There were not a lot of steps involved, especially since Avitar didn't already offer a competing product and dinCloud provided all the collateral, making it very easy for Avitar, Walsh said. In addition to dinCloud's Hosted Secure Desktops, Avitar also white labels hosted email and collaboration products from SherWeb.

Walsh said there aren't many stipulations in Avitar's contract with dinCloud. "There might be something in the contract that says you agree to behave in a certain way when it comes to handling tech support issues," he said. "I don't think they'll talk to my customers directly; [customers will] call me and I'll call dinCloud."

Depending on the contract terms, some vendors that offer white labeled products will provide technical support directly to the end user, along with a dedicated support phone number where all of the branding has been removed and the technicians will answer questions "in a generic way," Walsh said. Some charge a premium for this service and others include it in their price. Other vendors will allow a partner's end users to call but will not disclose who they are, while some won't take calls from anyone other than the partner, he added. "dinCloud answers the phone as dinCloud. I think that's the only gotcha,'' he said.

There also wasn't a big upfront financial commitment aside from the limited amount of marketing Avitar does, Walsh said. "Whether it was really dinCloud as a white label or we just went with dinCloud [as a reseller] I don't see anything different in the upfront financial commitment." On the back end, though, Avitar has the opportunity to price the service however it sees fit. "If you don't white label, then you're restricted in your pricing model to the pricing they have on their website," he said.
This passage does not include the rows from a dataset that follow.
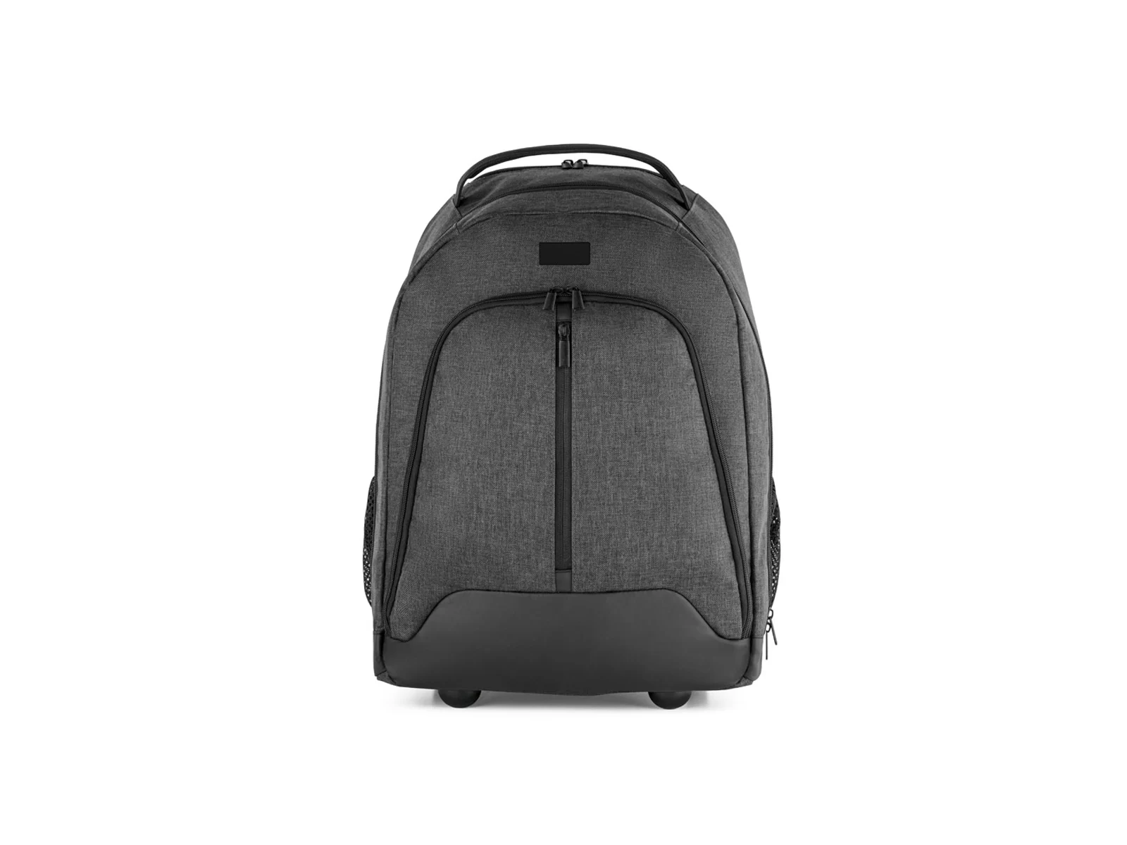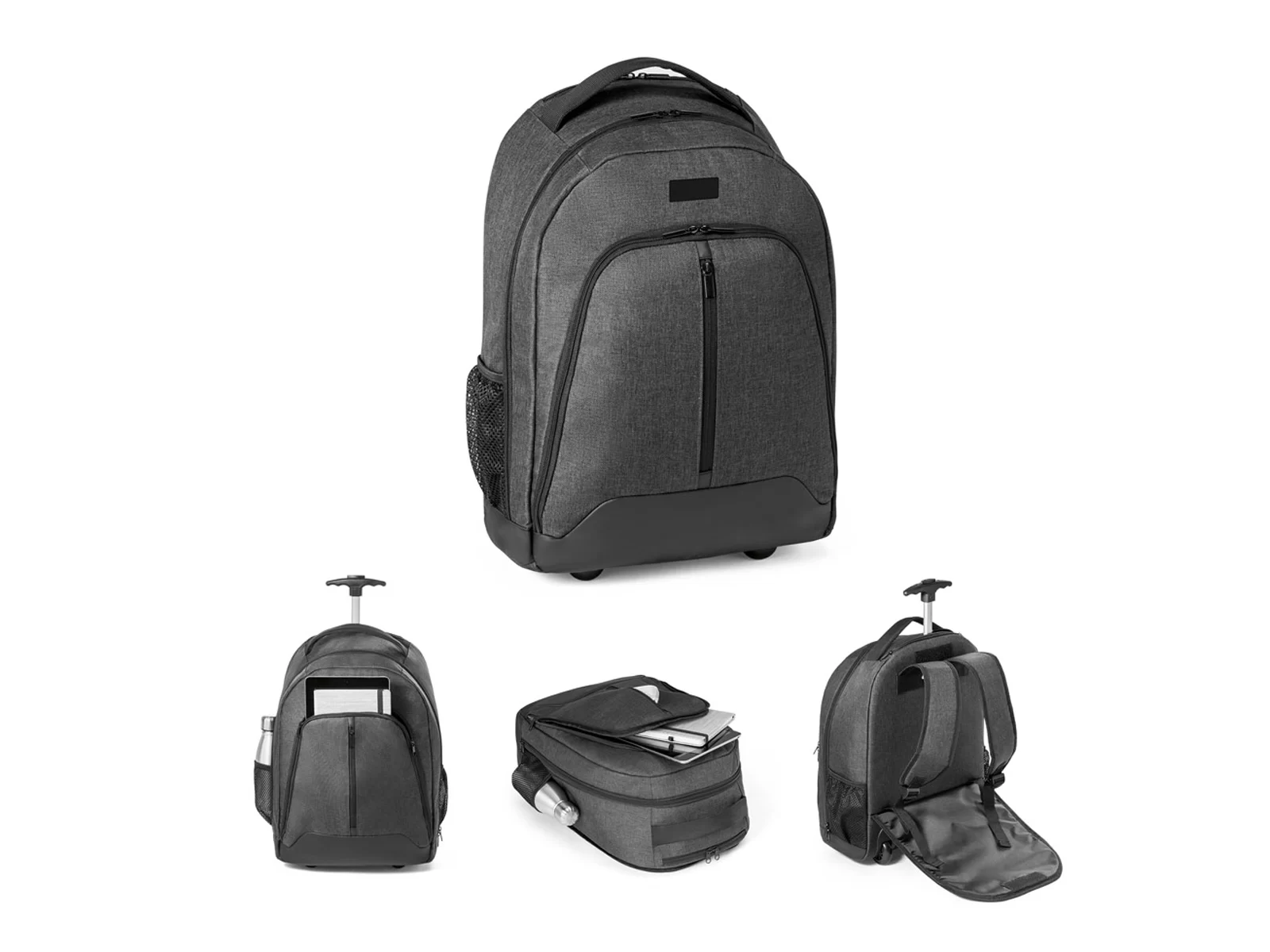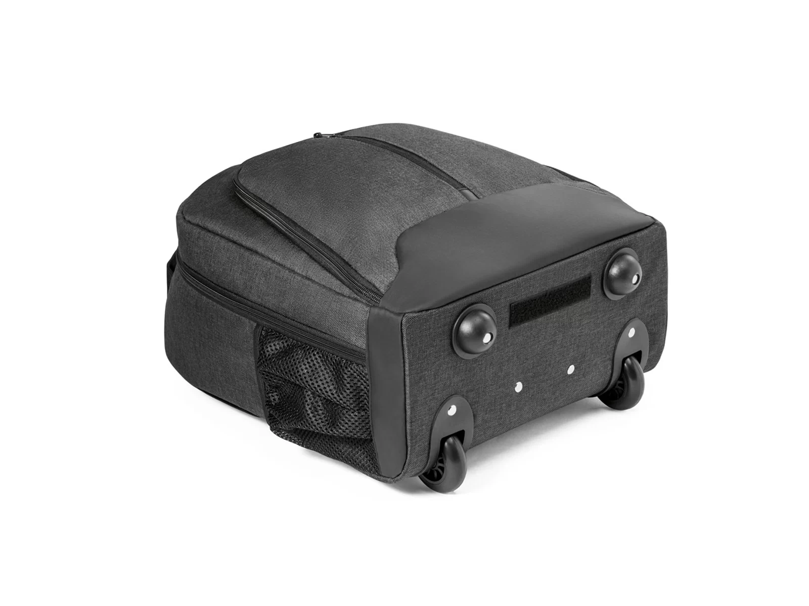 Τρόλευ σακίδιο για φορητό υπολογιστή σε υψηλή πυκνότητα 600D και αδιάβροχο πολυεστέρα 600D. Κύριο διαμέρισμα για φορητό υπολογιστή με οθόνη έως 15,6″. Περιέχει πλαϊνές τσέπες με πλέγμα και μπροστινή τσέπη με διπλό φερμουάρ. Προστατευτικά τροχών και μεταλλική λαβή με δυνατότητα επέκτασης. Η πλάτη και οι λαβές είναι επενδεδυμένες.
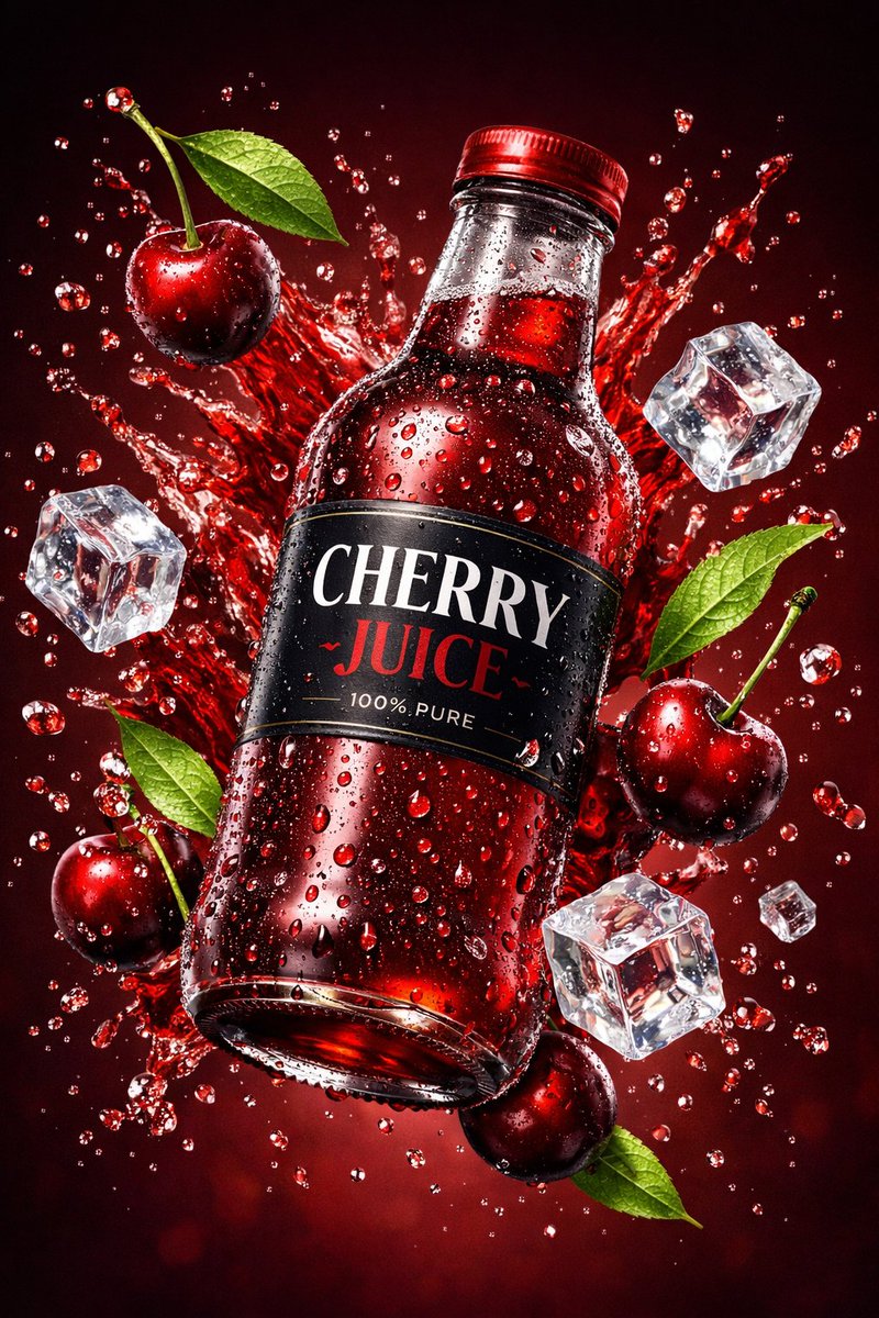 "description": "Ultra-realistic 3D commercial-style product shot of a premium cherry juice bottle suspended mid-air, covered in intricate condensation droplets reflecting ambient light for enhanced photorealism. The bottle appears fresh, vibrant, and slightly tilted for dynamic sophistication. Surrounding elements include high-speed frozen splashes of cherry juice, whole cherries, sharp ice cubes, floating stems, and fresh green leaves — all crisply defined with vibrant clarity. Background features a rich deep red to burgundy gradient evoking indulgence and premium quality. Cinematic studio lighting with bright highlights, crisp shadows, high contrast, and subtle reflective surface beneath the bottle. Label clearly visible with realistic reflections and depth. Overall aesthetic: luxurious, fresh, energetic, high-end commercial beverage advertising.",
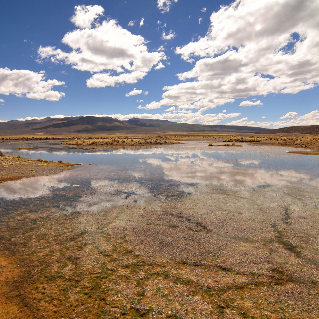 La reserva es conocida por sus impresionantes paisajes volcánicos. Las lagunas Salinas, con sus aguas cristalinas, reflejan el cielo y las montañas circundantes. El volcán Chachani, añade un elemento dramático al paisaje, atrayendo a fotógrafos y aventureros por igual.
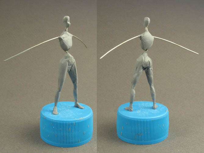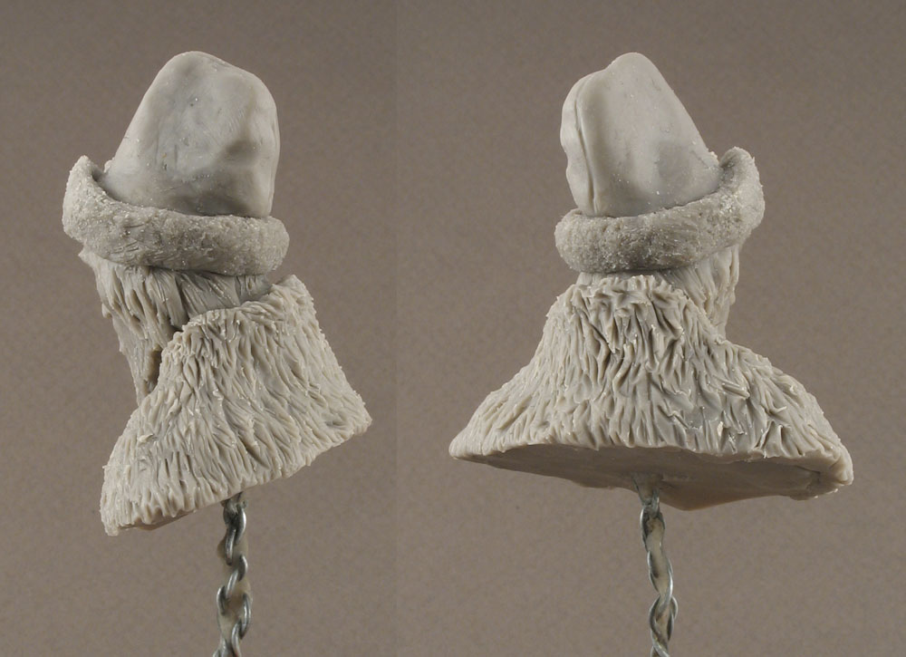 Вообще в последнее время стал склоняться к тому, что сначала надо вылепить практически полностью фигурку обнаженной, а затем уж делать одежду. Так и драпировку делать легче и с объёмами и постановкой позы ошибиться труднее, а уж о пользе в плане анатомии для фигурки и говорить не приходиться.
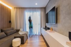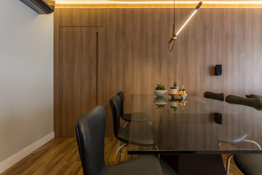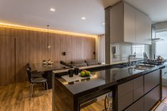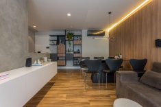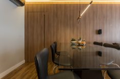 Para o projeto deste apartamento, no Bigorrilho, em Curitiba, foi priorizada a integração dos ambientes, para o casal de irmãos receber convidados, mas sem perder a privacidade. Para isso, o apartamento foi dividido em área social e íntima, através de um painel em marcenaria que também faz pano de fundo da sala, e tem seu lado oposto um roupeiro e sapateira.
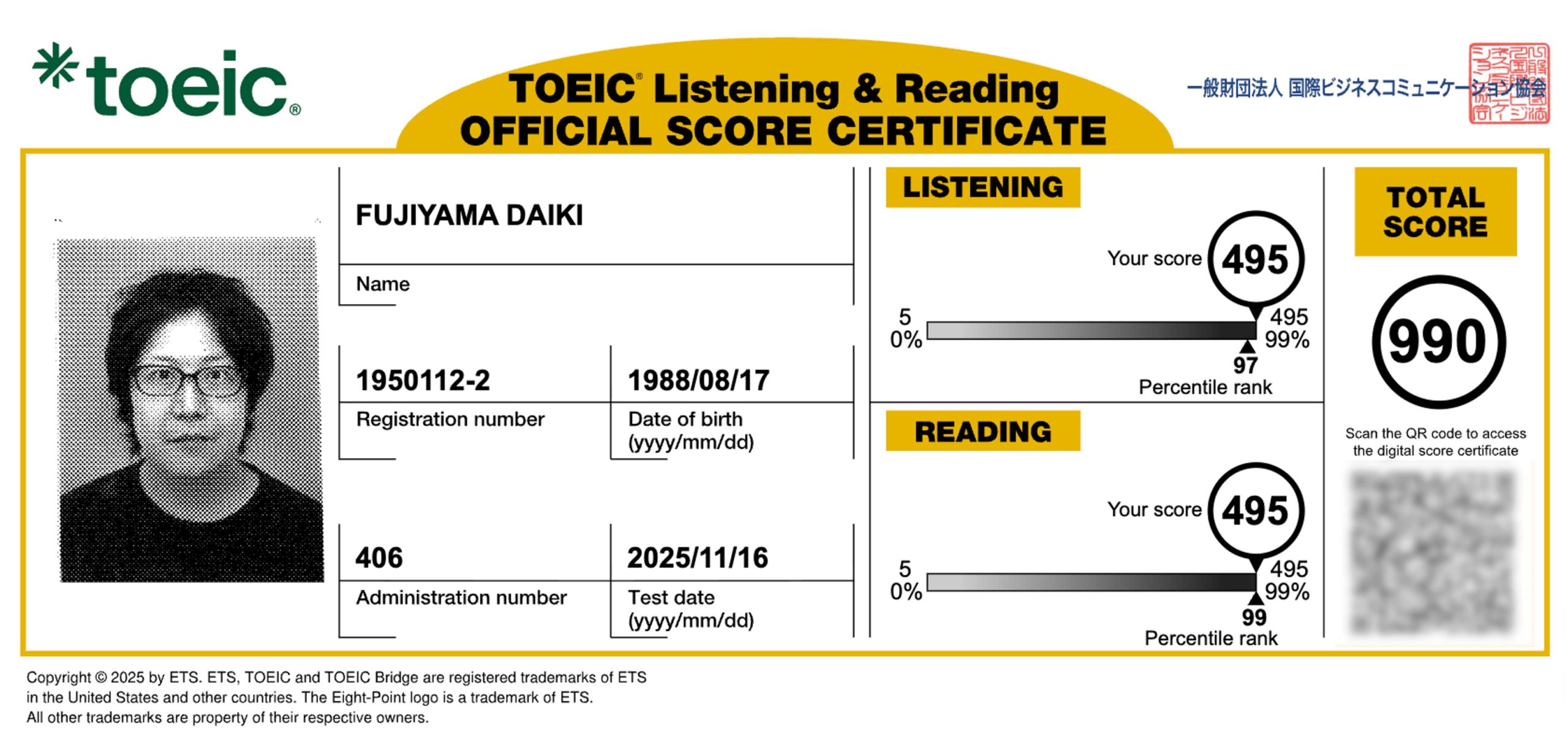 【満点17回目】第406・407回TOEIC(2025年11月16日)の結果が出ました
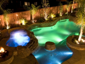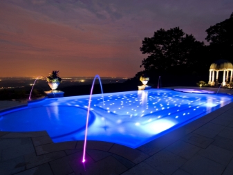 LED осветителните тела се използват не само за вътрешна употреба, но и за външно осветление. Например, така наречената подводна лампа се използва за басейни и фонтани, тя дава светлина на потоци вода, което ще помогне да се създаде един вид ландшафтен дизайн. Изборът пада върху тях, тъй като такива лампи са много прости и удобни за инсталиране, не изискват специални грижи, дълго време могат да работят напълно без подмяна и имат специално ниво на защита – IP68.
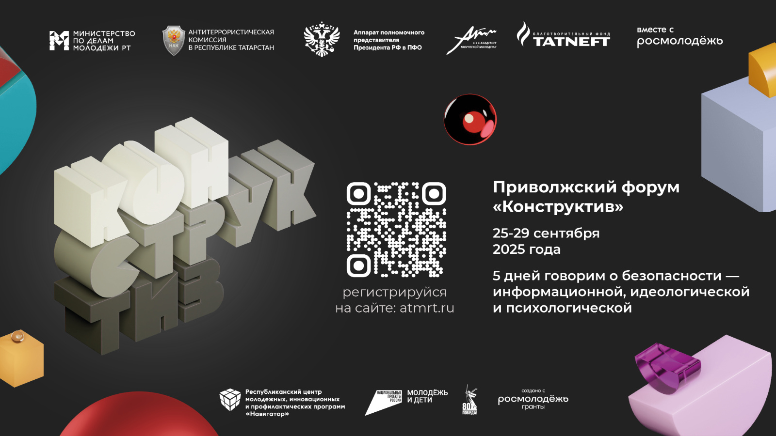 Стартовала регистрация на ключевое молодёжное событие в сфере безопасности и развития критического мышления – Приволжский форум «Конструктив» по профилактике радикализма, экстремизма и идеологии терроризма в молодежной среде, который пройдёт с 25 по 29 сентября 2025 года в Казани и объединит представителей 14 регионов Приволжского федерального округа.

On the flip side, Walsh concurred that Avitar has to really work in the value-add since a customer could just go direct to dinCloud.

Walsh said Avitar is "not taking the trouble to white label every product we sell," but opted to do so with dinCloud because it provides the entire infrastructure that Avitar can deliver to its customers. In terms of pricing their services, he said white labeling makes it easier to bundle together products instead of having to line-item everything.

"The more service you give a prospective customer, the more lines on a proposal you give them, the more areas they have to question,'' Walsh said, "and if you're confident in what you're providing your customer, you … should be able to deliver one amount and one package."